Friday, September 17, 2010

More Boose, More Memory

Since I stopped smoking weed, I've been drinking every night. Usually just a single high gravity malt liquor tall can. Like a hurricane, steel reserve, or old english. Just a little ghetto brew to take the edge off. Last night, however, I drank for reals, and I had no idea how much my tolerance to alcohol had increased.

Drinking affects you more when your always stoned. When I smoked pot (less than 1 week ago), I would very rarely have more than, like, 8 drinks. I'm a fairly large guy, and regular drinker, so eight drinks isn't gettin' too crazy for me. Last night, however, without large amounts of THC running through my veins, I drank 15 beers, and never felt really intoxicated. I couldn't believe it when I tallied up my brews this mourning. I can't remember the last time I drank so much without feeling really fucked up and forgetting everything.

My memory of last night is crystal clear. I can recall more from last night's drunken wanderings than I could about a typical day of being high. When I smoke, my memory just goes out the window. Last night my friend was talking about something we did a couple weeks ago, and it took me forever to realize what he was talking about. The memory wasn't erased, just very blurry. I was able to recall what we did, but couldn't remember any of the details of it. Like, what we were talking about and how I was feeling. I had even forgotten which friends I was with. Even though I drank 15 beers last night, I can recall all the places I went to, every individual I spoke with, and how my mood was. Weed even made me forget how my normal memory works! hahaha

I mean, I can laugh at it, but there has to be some serious issues about degrading your memory with habitually smoking weed. Of course, nothing comes to mind, but it's gotta make you dumber somehow. This is an effect from dank that never really bothered me. I wonder how my new awareness will serve me. What's life like with a normal memory?? I have no idea... I forgot...

I expect my tolerance to alcohol to decrease as the anxiety I have from not smoking decreases.

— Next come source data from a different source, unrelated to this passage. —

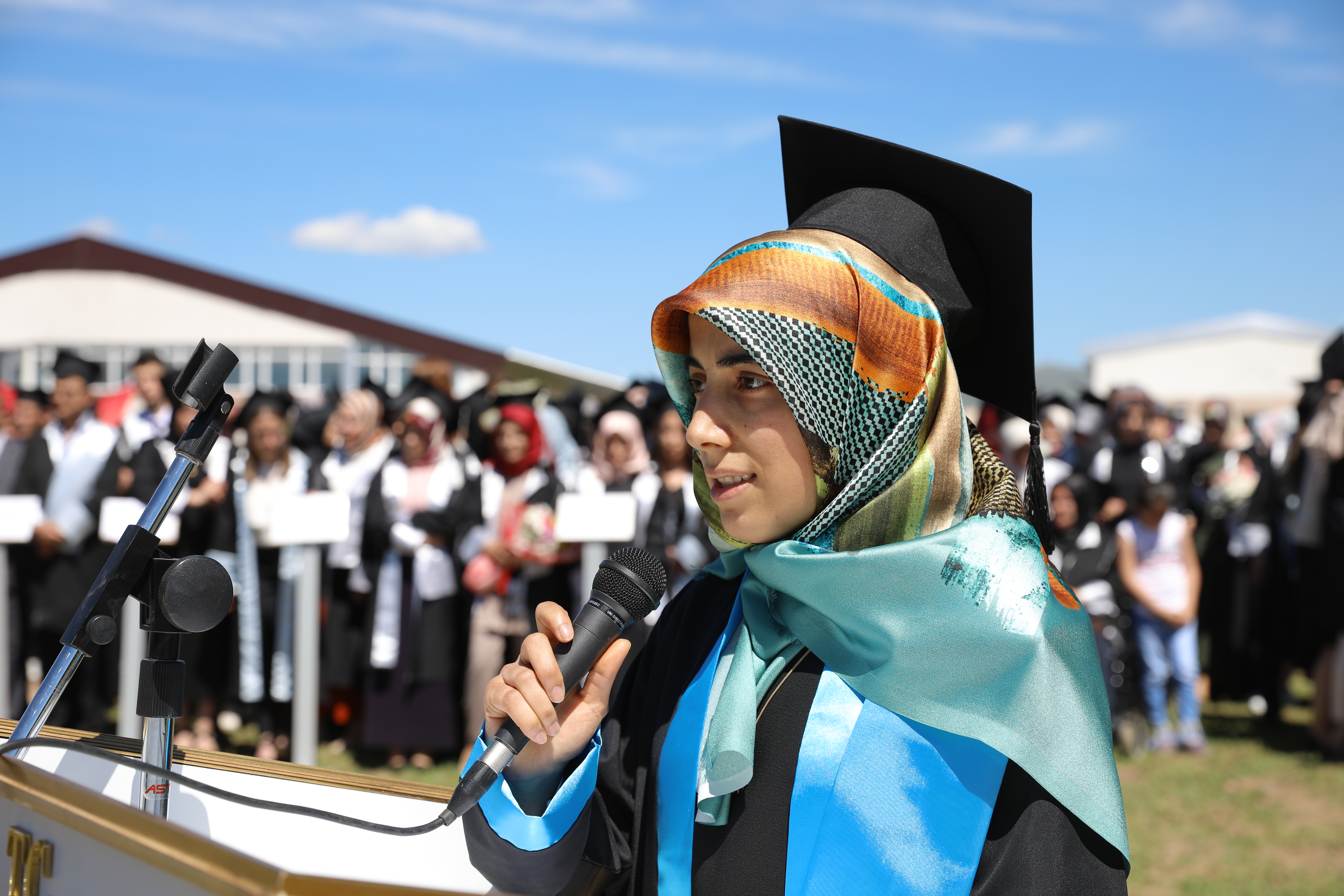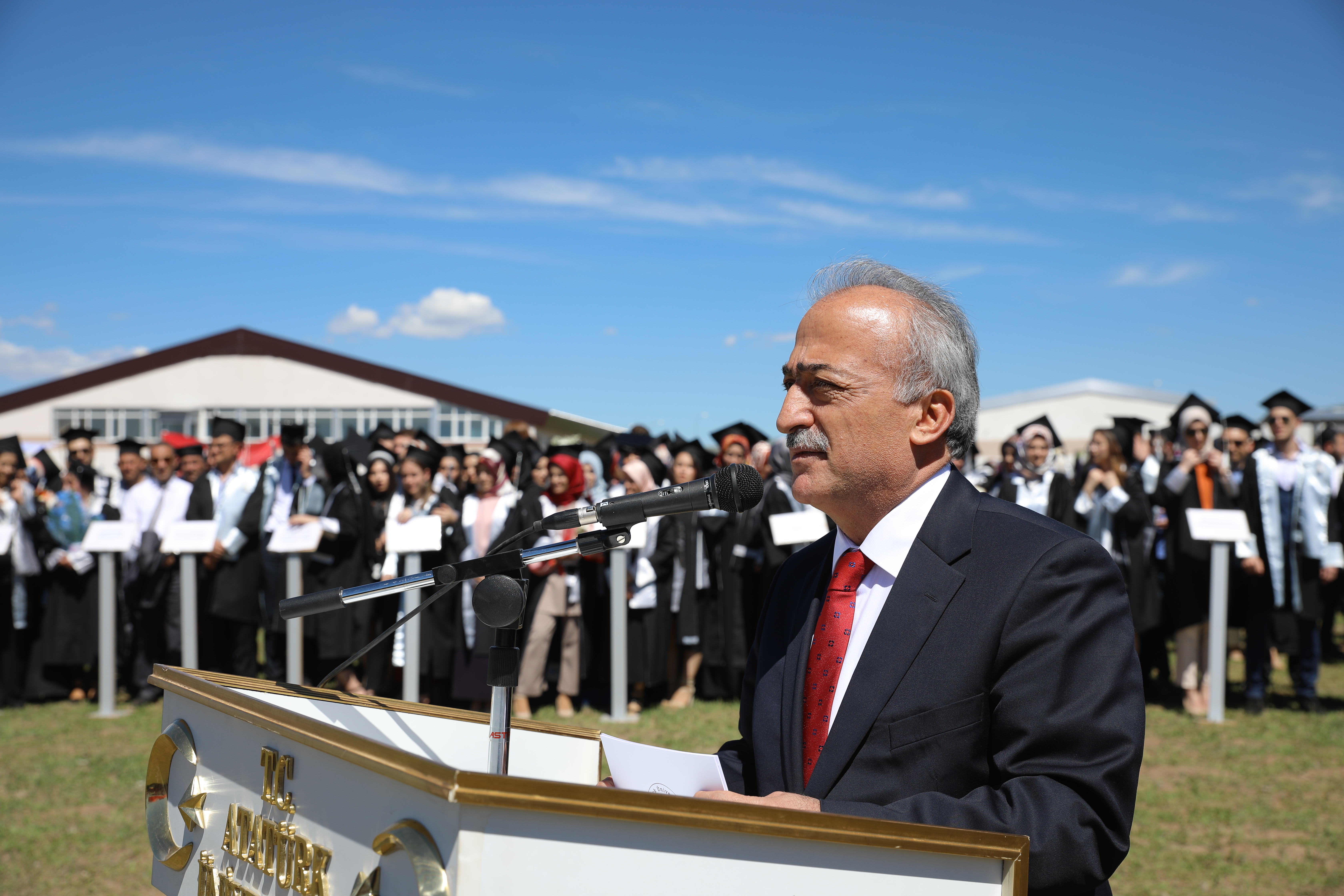 Cennet vatanımızın ve içinde bulunduğu bölgenin yaşadığı zor günlerin son bulması ve Türkiye'nin bölünmez bütünlüğünün daim olması dileklerimle Malazgirt Savaşından itibaren vatan toprakları ve tüm değerlerimiz uğruna şehit olan tüm vatan evlâdını, bu bağlamda sevgili Peygamberimizin kucağına uğurlanan gencecik şehitlerimizi rahmetle anıyor, mezuniyetinizin hayırlı olmasını diliyorum” dedi.
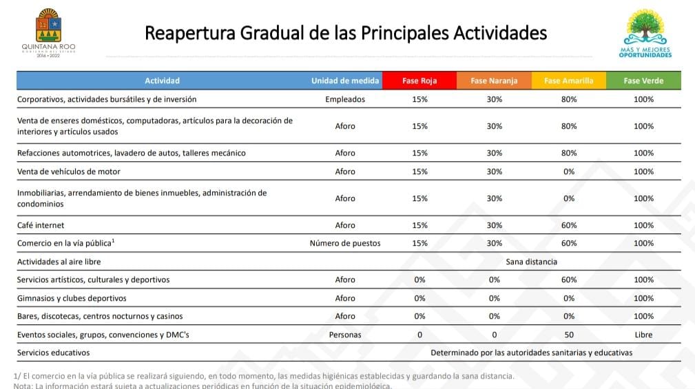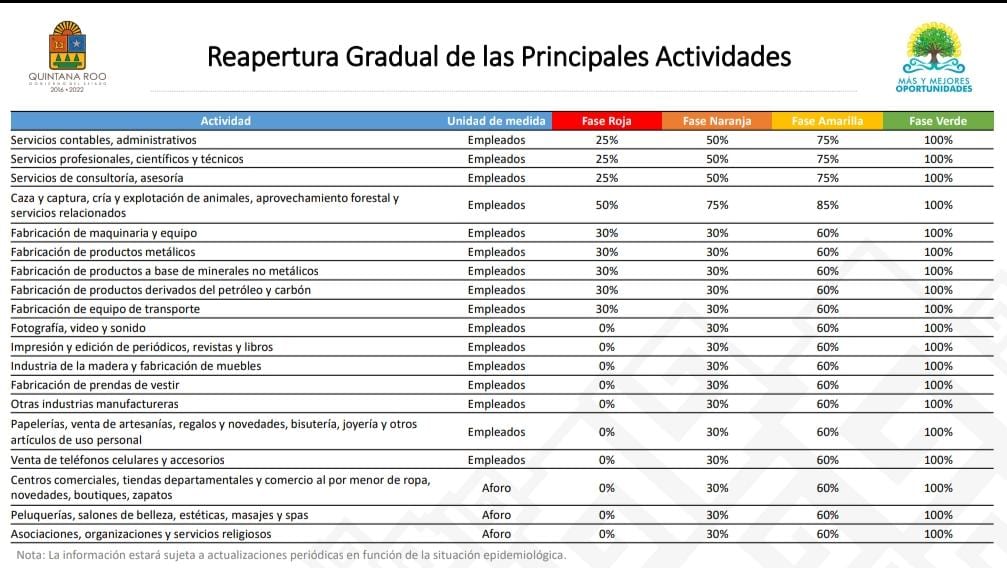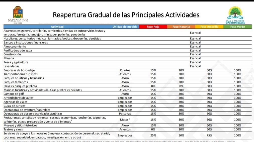 En tanto, para Lázaro Cárdenas, Isla Mujeres, Benito Juárez, Puerto Morelos, Solidaridad, Cozumel y Tulum, estas últimas actividades ya podrán realizarse, pero en un aforo del 30%, mismo porcentaje que las actividades turísticas.
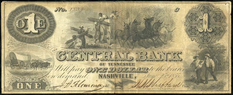 $1, 1855, TN-140-G2, payable at Nashville, slaves load cotton wagon, VF.

I know from experience that heightened anxiety increases your tolerance to depressants. Once, while I was hypo manic, I drank a bottle and half of tequila, and didn't puke. I wasn't even doing blow, just had intense energy that alcohol barely effected. Hopefully, in a month or so, I won't need 15 beers to get my party on. But, for now, I give myself complete permission to consume as many budlights as my little anxious body desires.

1 comment:

  1. Lets be honest...we all know that I was a bit of a pot head in the day. I still occasionally hit the pipe, and when I say occasionally I mean like, once every few months. I know exactly what you are talking about with anxiety and booze, I have a lot of anxiety. However please note that it now takes me, no joke, TWO beers to get a good buzz on.